== Task brief ==
From the records below, print exactly the lines starting at the one containing "원피스 1151화의 긴글 스포일러가 공개 됐습니다." and ending at the one containing "根据党中央部署和公司党委有关", ends included, and nothing else.

(Dataset extract)

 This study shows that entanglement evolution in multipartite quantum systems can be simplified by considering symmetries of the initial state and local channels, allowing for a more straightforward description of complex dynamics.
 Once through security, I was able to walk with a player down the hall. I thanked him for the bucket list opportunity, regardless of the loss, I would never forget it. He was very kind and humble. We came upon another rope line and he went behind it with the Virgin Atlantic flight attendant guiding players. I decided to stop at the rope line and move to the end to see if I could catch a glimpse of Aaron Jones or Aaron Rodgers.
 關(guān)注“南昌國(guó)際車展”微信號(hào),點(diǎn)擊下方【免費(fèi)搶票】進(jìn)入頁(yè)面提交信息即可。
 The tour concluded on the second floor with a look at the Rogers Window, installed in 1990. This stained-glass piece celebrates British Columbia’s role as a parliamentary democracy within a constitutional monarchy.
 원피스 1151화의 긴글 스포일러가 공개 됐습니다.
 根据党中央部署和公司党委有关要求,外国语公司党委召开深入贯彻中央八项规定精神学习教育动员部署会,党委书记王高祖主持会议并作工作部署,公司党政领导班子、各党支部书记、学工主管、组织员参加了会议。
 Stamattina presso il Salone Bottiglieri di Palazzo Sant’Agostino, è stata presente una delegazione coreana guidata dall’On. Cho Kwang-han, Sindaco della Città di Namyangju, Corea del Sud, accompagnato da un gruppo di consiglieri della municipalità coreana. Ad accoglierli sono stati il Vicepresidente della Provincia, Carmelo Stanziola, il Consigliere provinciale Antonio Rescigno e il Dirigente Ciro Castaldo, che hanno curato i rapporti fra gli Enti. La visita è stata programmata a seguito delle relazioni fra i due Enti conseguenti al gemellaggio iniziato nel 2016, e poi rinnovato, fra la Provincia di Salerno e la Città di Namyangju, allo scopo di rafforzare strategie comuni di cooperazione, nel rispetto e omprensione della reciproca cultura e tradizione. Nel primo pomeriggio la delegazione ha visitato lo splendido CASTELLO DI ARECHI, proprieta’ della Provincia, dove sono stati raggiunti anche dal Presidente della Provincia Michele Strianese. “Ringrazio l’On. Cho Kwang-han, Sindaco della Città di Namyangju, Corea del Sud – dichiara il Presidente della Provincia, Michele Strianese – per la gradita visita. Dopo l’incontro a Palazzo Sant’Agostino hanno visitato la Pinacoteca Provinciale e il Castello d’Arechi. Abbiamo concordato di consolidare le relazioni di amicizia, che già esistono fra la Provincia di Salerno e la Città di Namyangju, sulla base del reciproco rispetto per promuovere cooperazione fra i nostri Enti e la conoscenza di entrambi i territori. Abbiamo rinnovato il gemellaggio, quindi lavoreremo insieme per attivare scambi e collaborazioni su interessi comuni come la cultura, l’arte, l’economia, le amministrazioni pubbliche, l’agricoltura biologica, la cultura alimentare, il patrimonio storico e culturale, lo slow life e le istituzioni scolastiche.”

(End Dataset extract)
(Dataset extract)

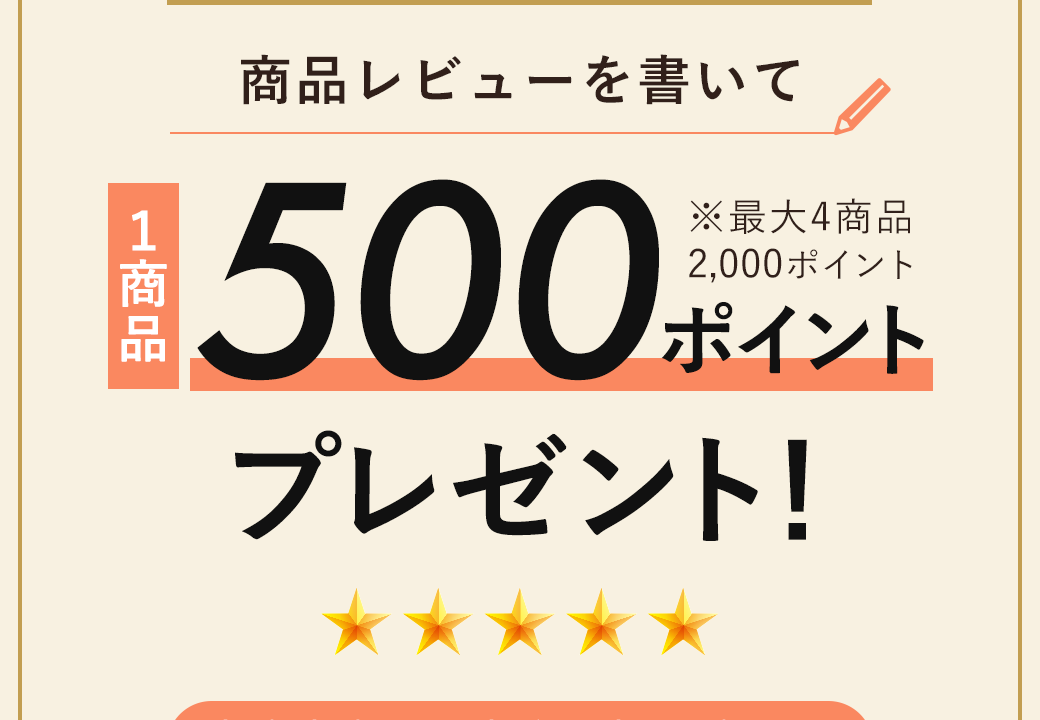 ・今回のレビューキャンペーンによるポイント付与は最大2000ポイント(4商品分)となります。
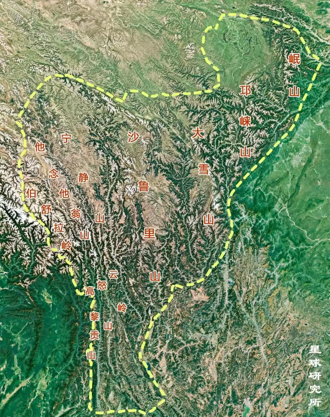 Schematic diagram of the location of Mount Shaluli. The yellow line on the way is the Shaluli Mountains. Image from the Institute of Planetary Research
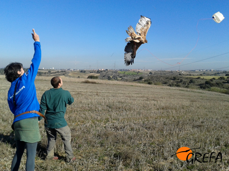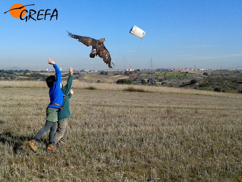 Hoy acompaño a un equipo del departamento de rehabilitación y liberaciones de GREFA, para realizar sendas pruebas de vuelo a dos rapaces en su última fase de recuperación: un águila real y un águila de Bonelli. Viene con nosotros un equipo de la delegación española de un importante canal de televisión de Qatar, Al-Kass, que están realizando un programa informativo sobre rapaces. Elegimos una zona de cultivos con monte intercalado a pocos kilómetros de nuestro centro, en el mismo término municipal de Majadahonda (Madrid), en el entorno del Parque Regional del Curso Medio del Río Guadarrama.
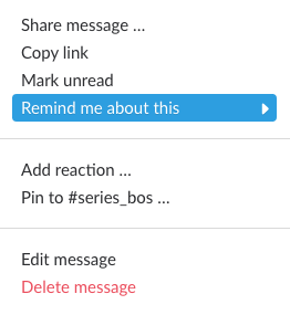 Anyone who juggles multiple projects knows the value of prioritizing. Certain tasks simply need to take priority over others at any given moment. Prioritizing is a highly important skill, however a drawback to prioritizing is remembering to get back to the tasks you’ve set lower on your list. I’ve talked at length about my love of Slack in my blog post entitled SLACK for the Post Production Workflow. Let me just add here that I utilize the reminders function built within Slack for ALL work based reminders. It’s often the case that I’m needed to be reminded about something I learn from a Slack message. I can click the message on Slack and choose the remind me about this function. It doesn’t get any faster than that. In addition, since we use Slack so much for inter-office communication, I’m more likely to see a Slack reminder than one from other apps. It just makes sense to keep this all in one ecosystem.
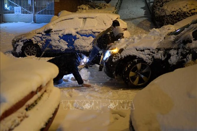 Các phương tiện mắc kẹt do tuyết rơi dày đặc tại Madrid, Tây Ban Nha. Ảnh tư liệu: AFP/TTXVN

(End Dataset extract)
(Dataset extract)

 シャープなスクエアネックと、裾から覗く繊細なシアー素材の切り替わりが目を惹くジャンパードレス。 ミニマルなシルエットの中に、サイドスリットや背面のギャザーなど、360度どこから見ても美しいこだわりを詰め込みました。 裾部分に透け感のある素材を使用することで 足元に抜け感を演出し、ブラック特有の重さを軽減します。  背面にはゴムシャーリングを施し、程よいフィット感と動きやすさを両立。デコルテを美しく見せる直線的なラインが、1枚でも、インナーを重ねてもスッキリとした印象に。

(End Dataset extract)

== Result ==
 원피스 1151화의 긴글 스포일러가 공개 됐습니다.
 根据党中央部署和公司党委有关要求,外国语公司党委召开深入贯彻中央八项规定精神学习教育动员部署会,党委书记王高祖主持会议并作工作部署,公司党政领导班子、各党支部书记、学工主管、组织员参加了会议。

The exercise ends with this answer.